In concluding her remarks, the noble Baroness said that this is a UK institution, embodying UK values. That seems to deny the reality of devolution. It is entirely possible that at least one of these countries could be an entirely separate nation very soon. That is the practical reality.

Once again, I was struck by the similarity with the climate change debate we had earlier. Sometimes people say, “Well, the scientists will tell us what to do about climate change”. Of course, this cannot be true, because how you get to 1.5 degrees involves a huge number of political choices around the allocation of resources. Similarly with health, many different routes and choices are involved in the effort to produce as healthy as society as we can. Whose health are you talking about? These are all political choices.

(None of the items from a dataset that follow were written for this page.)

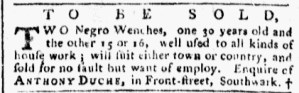 These advertisements appeared in colonial American newspapers 250 years ago today.
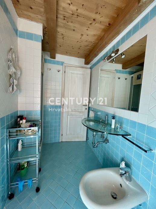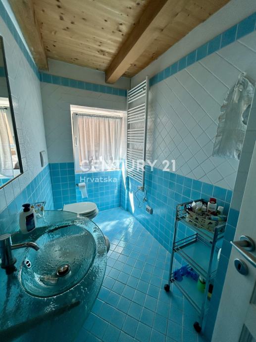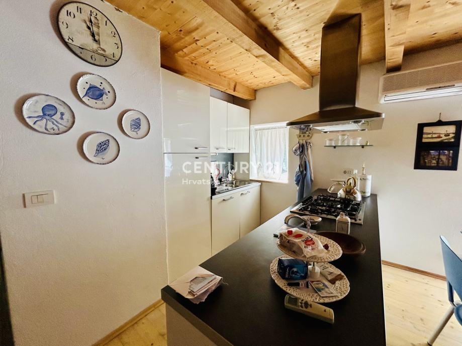 Stan se sastoji od ulaznog hodnika komunikacije, kuhinje sa blagavaonom, odvojenog dnevnog boravka, spavaće sobe i kupaonice na prvoj etaži, te na drugoj etaži do koje stižemo unutarnjim stepeništem na kojoj se nalaze spavaća soba, lobb/ knjižnica/ radna soba, kupaonica, terasa površine 8 m2 sa lijepim pogledom, malo spremište/vešeraj.
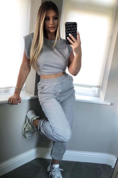women's tracksuits 2021 casual outfits 2-piece summer fashion sleeveless solid color t-shirt + pants female clothes suit streetwear, Gray
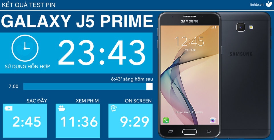 Samsung Galaxy J5 Prime được nhà sản xuất trang bị cho viên pin 2.400 mAh và qua thử nghiệm thực tế cho thấy máy có thể on screen được gần 9 tiếng rưỡi, cho thời gian sử dụng hỗn hợp lên đến gần 24 tiếng và xem phim liên tục được hơn 11 tiếng 30 phút. Dưới đây là các nội dung chi tiết hơn về thời gian sử dụng pin của máy cũng như quy trình mình thực hiện để cho ra các số liệu kể trên, mời các bạn theo dõi.

The noble Baroness, Lady Fraser, said that this was about data, not delivery. Of course, we know that very often what is delivered is what is measured, and if you choose to measure different things, maybe that is because you are seeking to deliver different things.

Like other speakers, I do not have any particular problem with Amendment 17, but I do with Amendment 205 and, in particular, Amendment 301, which says:

“The Secretary of State may … specify binding data interoperability”


and

“Scottish Ministers, Welsh Ministers and Northern Ireland Ministers must arrange for the information”.

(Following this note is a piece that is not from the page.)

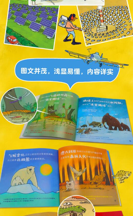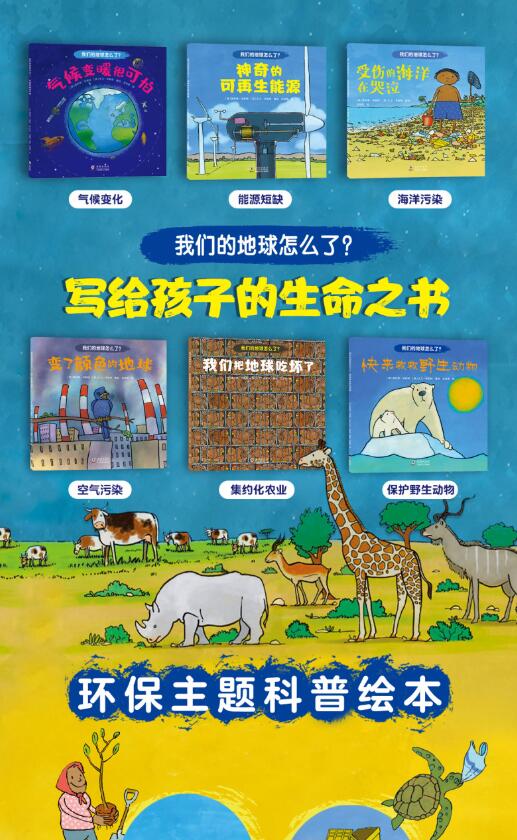 《气候变暖很可怕》:随着人类活动范围的不断扩大,环境随之发生改变。本书作者从地球变迁开始,讲述了地球从初到现在,内外因共同作用下,引发的气候变化。恐龙因何灭绝,人类的活动如何导致天气频发,使得人们越来越关注气候改变对人类造成的影响。 我们怎样才能阻止地球过度升温呢?要想减少温室气体的排放,我们又应该做出怎样的努力呢?本书运用简单易懂的数据,轻松活泼的语言,优美的画面,为读者提供了详实的科学依据及浅显易懂的理论知识,在了解环保知识的同时,帮助孩子掌握环保技能。 《神奇的可再生能源》:本书分别介绍了地球上的不可再生资源和可再生资源。同时,作者向读者介绍了进入现代化工业时代后,人类对不可再生资源的巨大消耗,使得我们不得不开发新能源用以替换石油、天然气等不可再生资源。此外,还向读者详细而生动的介绍了清洁型能源在环境保护方面的优势,对保护我们的地球有至关重要的意义。作者用生动的图画与文字向读者们讲述了人们正在依靠技术进步解决这些众多能源与资源日渐匮乏的问题。 《受伤的海洋在哭泣》:我们的地球有大约71%的面积被海水所覆盖,海洋对我们来说,意义重大。海洋为生态系统调节所起到的至关重要的作用。同时,在现代生活的影响下,海洋同样面临人类活动的破坏,有些时候是意想不到的结果。本书生动细致的讲述了滥用化肥、垃圾污染、过度捕捞等行为对海洋环境造成破坏。我们应该采取怎样的方法来保护地球生态环境,化解海洋面临的危机呢? 《变了颜色的地球》:本书更加详尽地介绍了人类活动的方方面面对环境造成的破坏和污染,无论是的山峰……还是深的海底。大气污染、温室效应、水污染等等,各个国家都开始关注这个问题,为保护我们的地球而做出努力。本书运用简单易懂的数据,轻松活泼的语言,优美的画面,为读者提供了详实的科学依据及浅显易懂的理论知识,在普及环保知识的同时,帮助孩子掌握环保技能。 《我们把地球吃坏了》:本书从集约化农业开始切入,在人口不断增长的,集约化农业确实可以带来粮食的丰收、畜牧业的繁荣发展。但与此同时带来的问题也非常明显,土地得不到修养,以至于土壤越来越贫瘠,不得不依靠化肥来增加产量,滥用农药使得农作物表面留有大量药物残留,危害人类的身体健康。到底要怎样防止这样的情况发生? 《快来救救野生动物》:地球上生活着多种多样的生物,很多生物早于人类诞生于这个星球。然后,人类的活动以及随之而来的气候变化,却越来越多的对原本生活在地上的生物造成威胁。本书从人类无节制得滥砍滥伐、过度捕捞、大气污染、现代工业等方面,细致的向读者讲述了这些行为给野生动物带来了巨大的灾难。同时向读者传达了人类保护行动势在必行的意识与决心。

I do not speak for the Scottish Government—albeit that they have some Green elements—but I would be surprised if they accepted that kind of wording. I do not wish to redraft on my feet but, if the Minister were looking to redraft, I suspect that something like a direction to the Secretary of State to “work with the Scottish, Welsh and Northern Ireland Ministers to agree” would definitely be preferable.

However, I agree with the noble Baroness, Lady Finlay, who gave us some very detailed and informed comment, that the best way to achieve this is by institutions at an operational level working together to find ways to link things up. If we take the example given by the noble Baroness, Lady Fraser, about her daughter’s situation, we can all be very annoyed that that apparently rather simple situation has not been sorted out. But I do not think drafting law in your Lordships’ Chamber is the way to sort that problem out. That needs to be at a very different level, and it needs to be sorted out as soon as possible.